I tried to sign up for a 7-day free trial, but when I clicked on that I got "You will be charged $3.69 today for one week." so having never heard of them before today, they already have me not trusting them.
to be honest, I always kind of thought the substance of the controvery was overblown. it was telemetry that was only on in source builds. the thing that rubbed me wrong, if anything, is an open source being acquired by a commercial entity at all
I really hope they have a big overhaul coming for Audacity. It's a powerful tool but the UI is (at best) severely dated. Tantacrul's initial analysis of Audacity's UX had me hopeful that there'd be rapid progress towards modernizing it.
Tantacrul's original video was very good, if you haven't seen it already.
Here's a very straightforward example: zoom. The shortcut keys for zoom are ctrl 1/2/3, rather than ctrl +/-, or even just +/-. Further, the zoom options are in/normal/out/selection/toggle. None of those options will zoom to the full audio clip. Instead, to do that you need to look under "track size", which has the options "fit to width" (ctrl f) and "fit to height" (ctrl shift f). The CPO at the company where I work likes to say "if you do something differently from the rest of the marketplace, you need a damned good justification for doing so".
I get that Audacity has grown organically as a product over decades, and so its user interface may have preceded various conventions that have arisen over time in software, but it is extremely idiosyncratic.
I had a horrible experience. I tried to buy the subscription and they charged me in USD rather than CAD. Support half explained that the mobile subscription and the website subscription were different things and just happened to have the same dollar amounts listed. But one was implicitly USD while the other specifically labelled CAD.

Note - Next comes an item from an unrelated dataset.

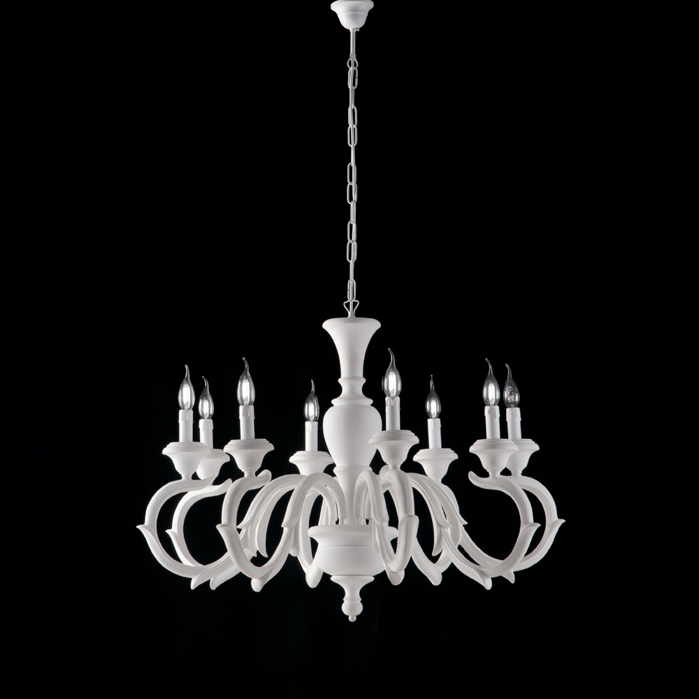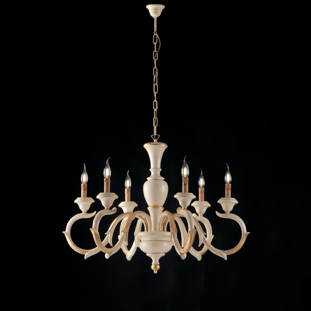Disponible en los elegantes acabados blanco desgastado o pan de oro/marfil , esta lámpara de araña representa una opción de gran prestigio para salas de estar, comedores, entradas imponentes y áreas de recepción . Las luces tipo vela emiten una luz cálida y envolvente, realzando el espacio con una discreta opulencia.
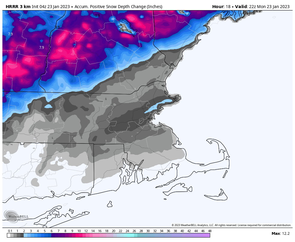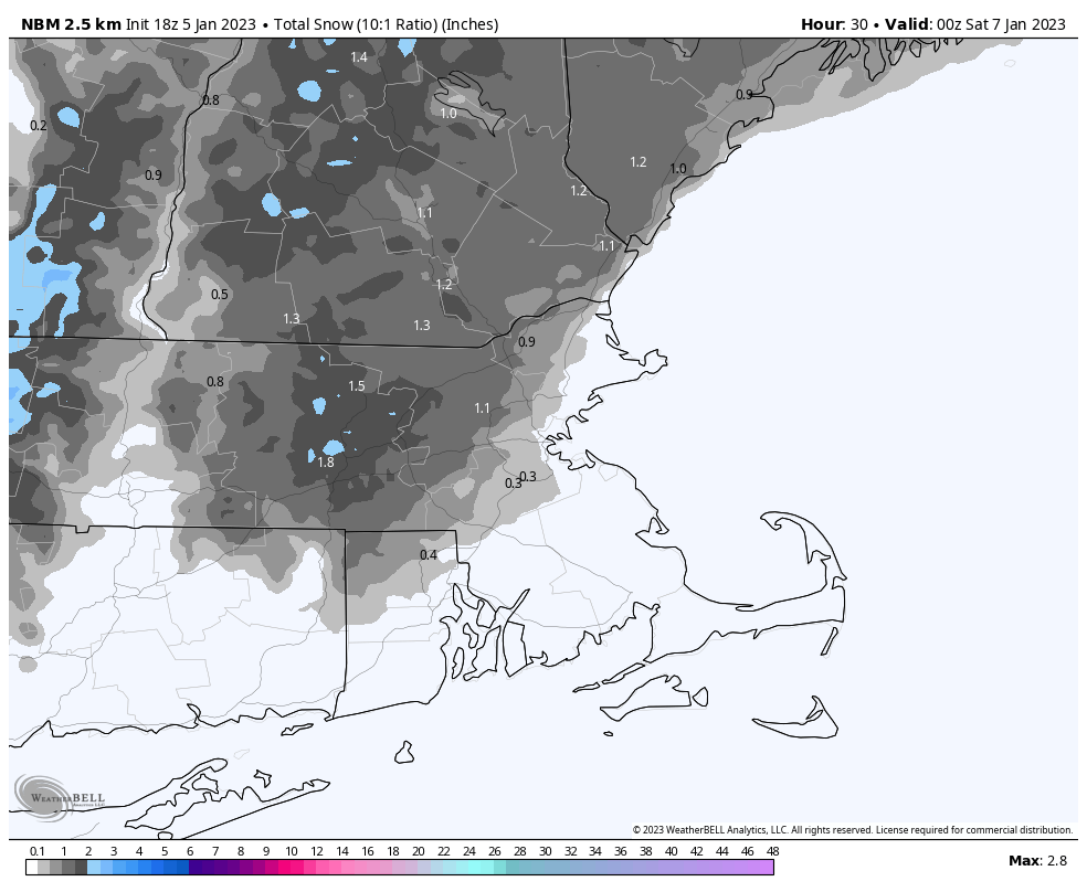 Saturday: Plenty of sunshine, breezy, and bitterly cold, except for a few snow showers possible on Cape Cod. Morning low -1 to -8 south of the Mass Pike, -9 to -16 north of the Pike. High 6-13 during the evening.

The new MuseSound data files seem to be the result of the StaffPad aquisition. I haven't done an exhaustive comparison, but the sounds are the same SFZ-format, Opus compressed sounds that StaffPad uses. I don't know if the new MuseSampler is the same playback engine that StaffPad uses.

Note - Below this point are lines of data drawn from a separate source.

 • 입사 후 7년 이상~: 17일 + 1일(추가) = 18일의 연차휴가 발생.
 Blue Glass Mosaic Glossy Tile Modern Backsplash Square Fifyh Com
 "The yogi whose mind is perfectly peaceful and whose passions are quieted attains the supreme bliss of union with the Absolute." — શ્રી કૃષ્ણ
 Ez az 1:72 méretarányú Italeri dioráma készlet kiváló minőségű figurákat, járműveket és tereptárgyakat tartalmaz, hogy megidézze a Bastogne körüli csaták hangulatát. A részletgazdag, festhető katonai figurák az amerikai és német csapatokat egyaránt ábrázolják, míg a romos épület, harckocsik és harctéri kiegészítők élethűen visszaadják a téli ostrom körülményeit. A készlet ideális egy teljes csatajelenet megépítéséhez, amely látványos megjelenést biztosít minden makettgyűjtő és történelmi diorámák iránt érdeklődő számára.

> "Upon further investigation, it became clear that Wenzheng Tang is a Chinese national, but not resident in China. As a guest in his current country, his residency status is predicated on a number of conditions, one of which is not violating the law.
> "If found in violation of laws, residency may be revoked and he may be deported to his home country.
> "This becomes even further complicated given another repo of his - Fuck 学习强国, which is highly critical of the Chinese government. Were he deported to China, who knows how he may be received."